THE DATA ->
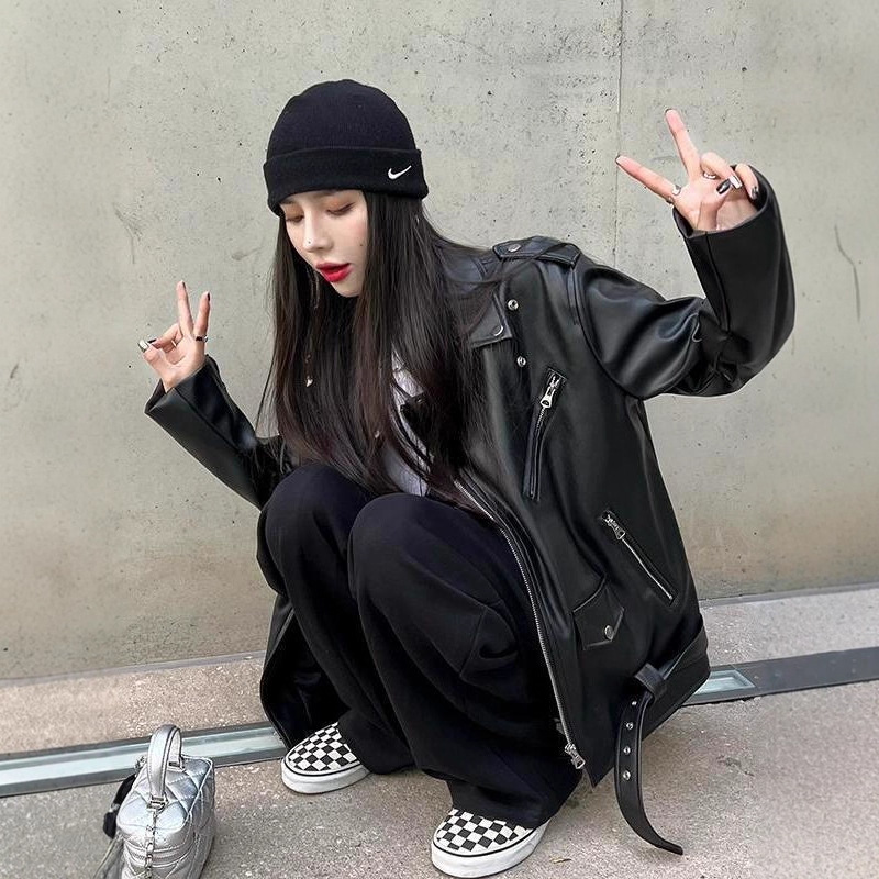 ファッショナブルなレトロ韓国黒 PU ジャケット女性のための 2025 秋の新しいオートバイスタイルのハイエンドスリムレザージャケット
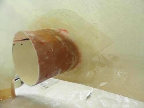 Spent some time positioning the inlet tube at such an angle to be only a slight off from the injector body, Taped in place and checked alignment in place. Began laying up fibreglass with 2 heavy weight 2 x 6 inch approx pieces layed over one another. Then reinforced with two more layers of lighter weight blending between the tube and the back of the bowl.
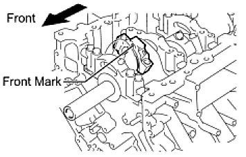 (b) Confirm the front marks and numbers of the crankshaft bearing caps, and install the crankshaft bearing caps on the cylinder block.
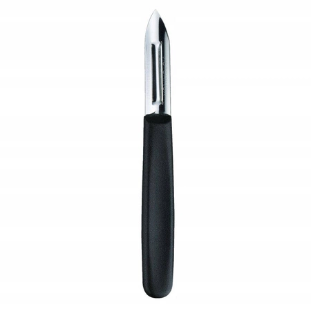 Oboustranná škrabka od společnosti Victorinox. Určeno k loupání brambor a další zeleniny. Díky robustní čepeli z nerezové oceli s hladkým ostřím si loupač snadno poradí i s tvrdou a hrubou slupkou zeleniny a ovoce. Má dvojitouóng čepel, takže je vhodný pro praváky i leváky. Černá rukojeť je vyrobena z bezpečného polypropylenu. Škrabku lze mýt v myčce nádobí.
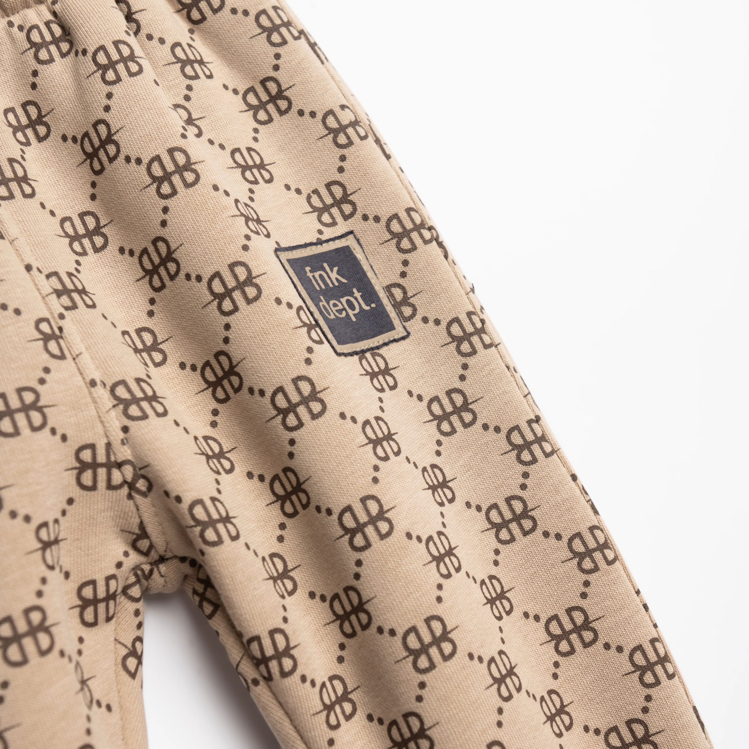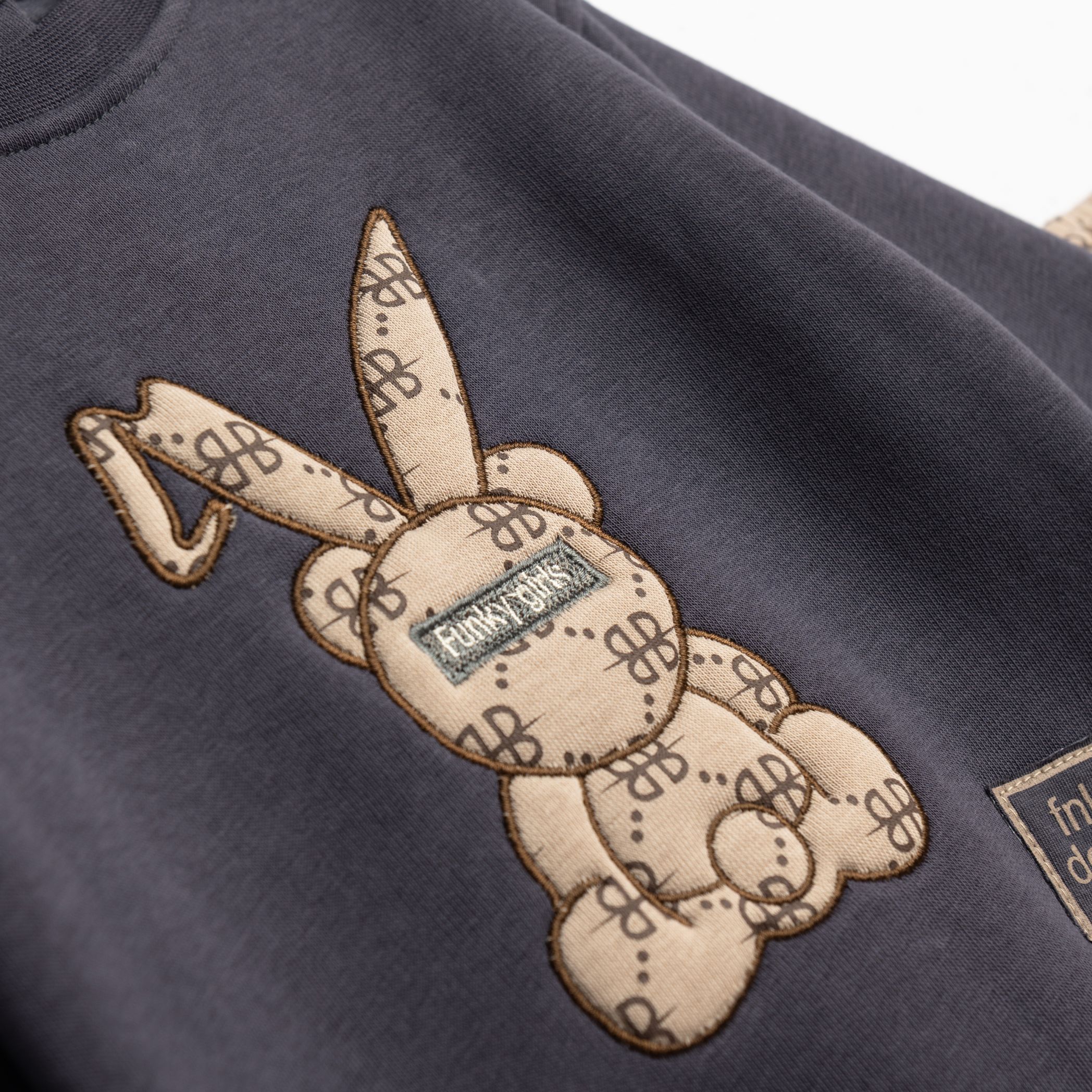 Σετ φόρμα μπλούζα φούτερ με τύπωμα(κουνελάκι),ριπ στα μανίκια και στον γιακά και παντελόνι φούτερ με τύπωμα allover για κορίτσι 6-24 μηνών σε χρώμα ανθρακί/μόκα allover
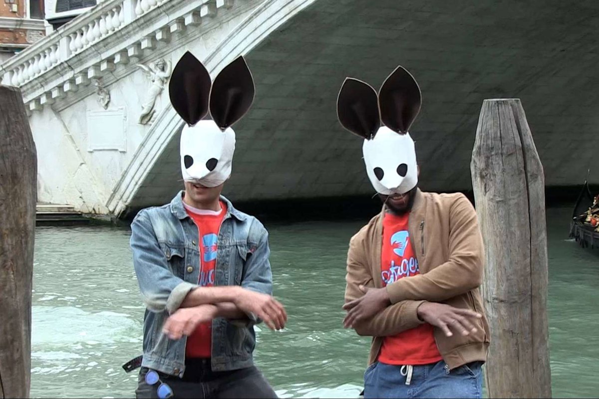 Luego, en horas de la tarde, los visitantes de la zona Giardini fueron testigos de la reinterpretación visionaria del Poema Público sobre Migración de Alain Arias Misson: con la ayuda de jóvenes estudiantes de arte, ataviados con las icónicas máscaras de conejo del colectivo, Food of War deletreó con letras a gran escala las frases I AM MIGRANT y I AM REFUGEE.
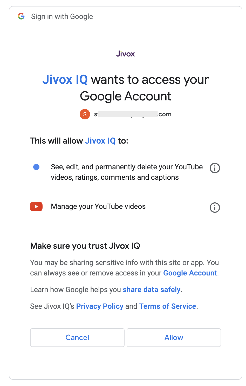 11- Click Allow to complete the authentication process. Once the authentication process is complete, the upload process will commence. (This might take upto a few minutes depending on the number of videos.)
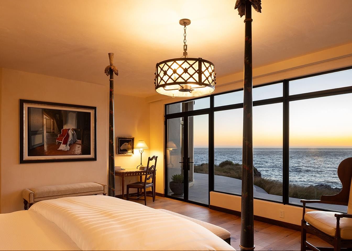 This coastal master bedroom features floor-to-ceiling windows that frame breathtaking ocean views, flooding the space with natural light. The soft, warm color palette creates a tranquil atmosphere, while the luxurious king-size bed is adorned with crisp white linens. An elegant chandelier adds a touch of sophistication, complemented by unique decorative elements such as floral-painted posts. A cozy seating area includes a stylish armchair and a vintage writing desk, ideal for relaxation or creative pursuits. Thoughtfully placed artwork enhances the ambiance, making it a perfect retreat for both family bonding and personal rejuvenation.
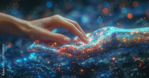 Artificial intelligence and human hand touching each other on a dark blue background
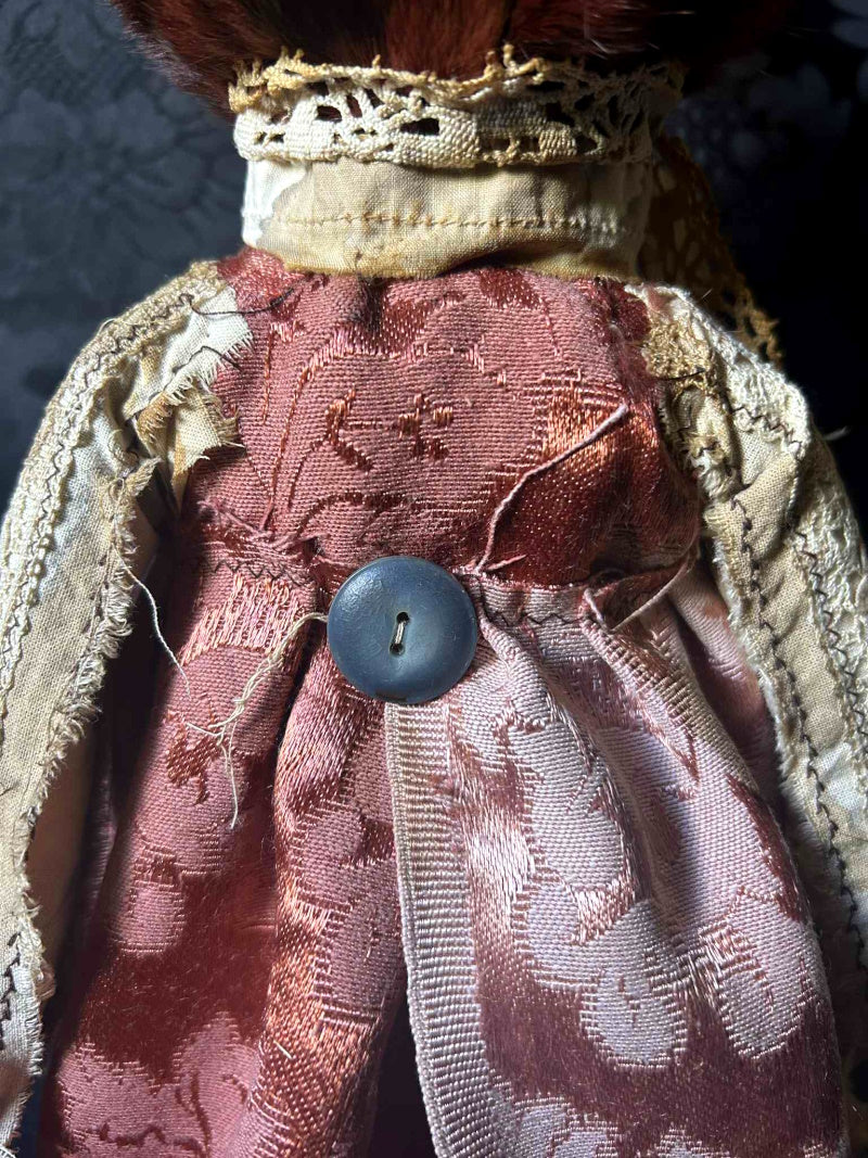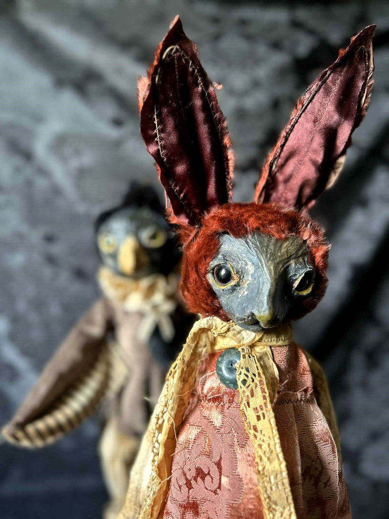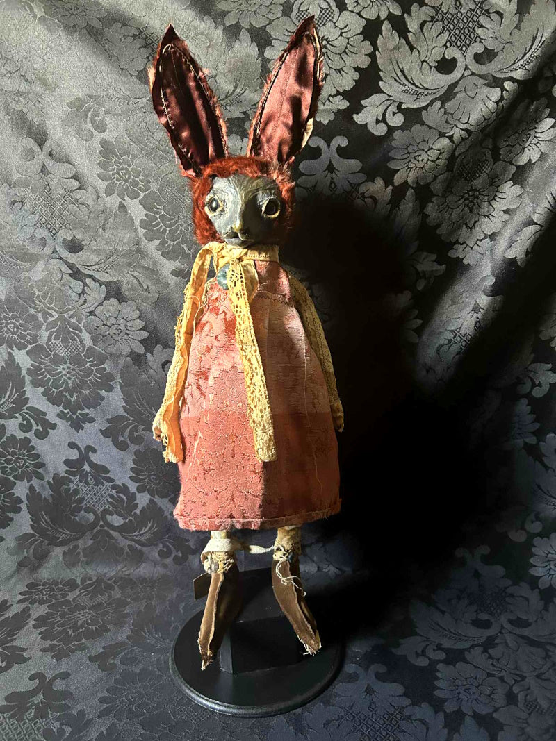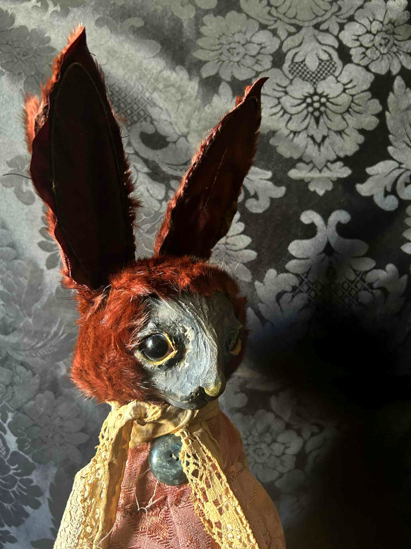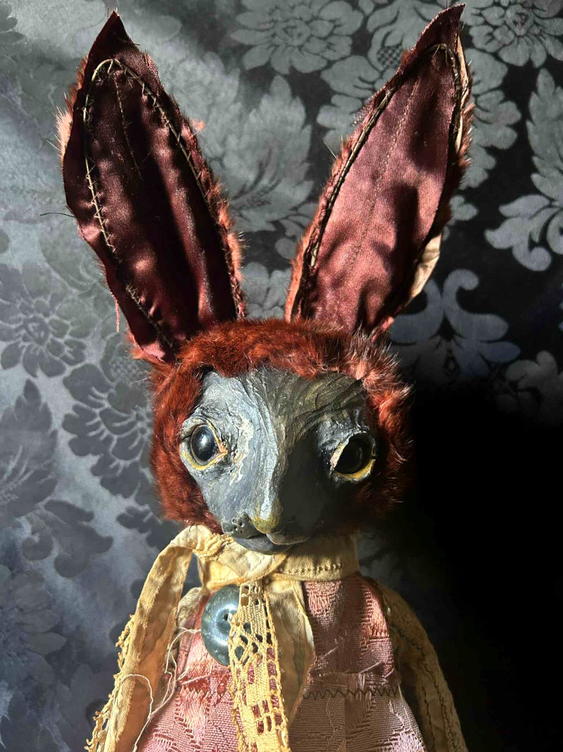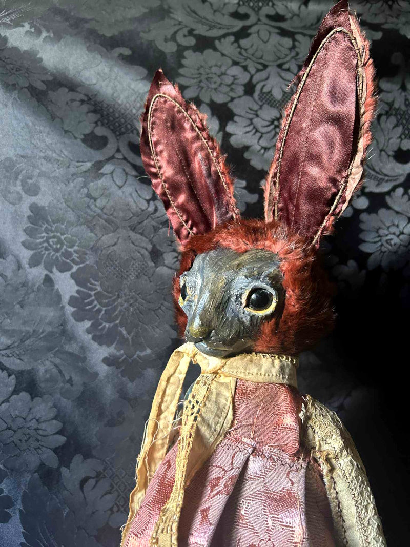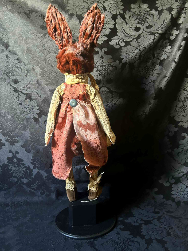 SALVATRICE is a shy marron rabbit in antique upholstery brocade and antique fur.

EXERCISE REQUIREMENTS -> Copy the material above word for word, images excluded.

PROBLEM SOLUTION ->
 ファッショナブルなレトロ韓国黒 PU ジャケット女性のための 2025 秋の新しいオートバイスタイルのハイエンドスリムレザージャケット
 Spent some time positioning the inlet tube at such an angle to be only a slight off from the injector body, Taped in place and checked alignment in place. Began laying up fibreglass with 2 heavy weight 2 x 6 inch approx pieces layed over one another. Then reinforced with two more layers of lighter weight blending between the tube and the back of the bowl.
 (b) Confirm the front marks and numbers of the crankshaft bearing caps, and install the crankshaft bearing caps on the cylinder block.
 Oboustranná škrabka od společnosti Victorinox. Určeno k loupání brambor a další zeleniny. Díky robustní čepeli z nerezové oceli s hladkým ostřím si loupač snadno poradí i s tvrdou a hrubou slupkou zeleniny a ovoce. Má dvojitouóng čepel, takže je vhodný pro praváky i leváky. Černá rukojeť je vyrobena z bezpečného polypropylenu. Škrabku lze mýt v myčce nádobí.
 Σετ φόρμα μπλούζα φούτερ με τύπωμα(κουνελάκι),ριπ στα μανίκια και στον γιακά και παντελόνι φούτερ με τύπωμα allover για κορίτσι 6-24 μηνών σε χρώμα ανθρακί/μόκα allover
 Luego, en horas de la tarde, los visitantes de la zona Giardini fueron testigos de la reinterpretación visionaria del Poema Público sobre Migración de Alain Arias Misson: con la ayuda de jóvenes estudiantes de arte, ataviados con las icónicas máscaras de conejo del colectivo, Food of War deletreó con letras a gran escala las frases I AM MIGRANT y I AM REFUGEE.
 11- Click Allow to complete the authentication process. Once the authentication process is complete, the upload process will commence. (This might take upto a few minutes depending on the number of videos.)
 This coastal master bedroom features floor-to-ceiling windows that frame breathtaking ocean views, flooding the space with natural light. The soft, warm color palette creates a tranquil atmosphere, while the luxurious king-size bed is adorned with crisp white linens. An elegant chandelier adds a touch of sophistication, complemented by unique decorative elements such as floral-painted posts. A cozy seating area includes a stylish armchair and a vintage writing desk, ideal for relaxation or creative pursuits. Thoughtfully placed artwork enhances the ambiance, making it a perfect retreat for both family bonding and personal rejuvenation.
 Artificial intelligence and human hand touching each other on a dark blue background
 SALVATRICE is a shy marron rabbit in antique upholstery brocade and antique fur.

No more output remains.